The Stories We Inherit: Rewriting the Unspoken
It’s a strange feeling to realize that the people who raised you were guarding a completely different reality. You start to wonder where their protection ended and where the deception began. But as I sit here, blending the colors of the past with the clarity of the present, I'm realizing that unlocking the truth isn't about harboring bitterness. It's about reclaiming the narrative.
There is a unique kind of vertigo that happens when the past shifts beneath your feet. You spend decades walking on solid ground, believing a specific version of your own history, only for a single truth to come to light and completely change the landscape. Suddenly, you aren’t just looking forward; you’re forced to look backward, re-examining old conversations, old glances, and the heavy silence of the generations that came before us.
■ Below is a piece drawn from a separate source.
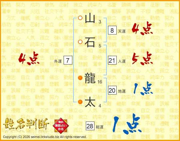 山石龍太さんの総運は28画の1点!

Lately, Gina and I have been doing a lot of analyzing. We’ve been sitting with the memory of our mother, digging into her choices, trying to parse out the boundaries of what she knew versus what she chose to protect—or perhaps, what she chose to hide.
When a secret spans generations, it leaves a trail of breadcrumbs you don't even realize you’re collecting until years later.
I keep going back to a specific memory of my grandmother. I can still hear the exact cadence of her voice when she would mention my dad's name. It was always followed by the same, hesitant refrain: "But, I just can't see it. Jerry was short and stocky. His hair wasn't blonde."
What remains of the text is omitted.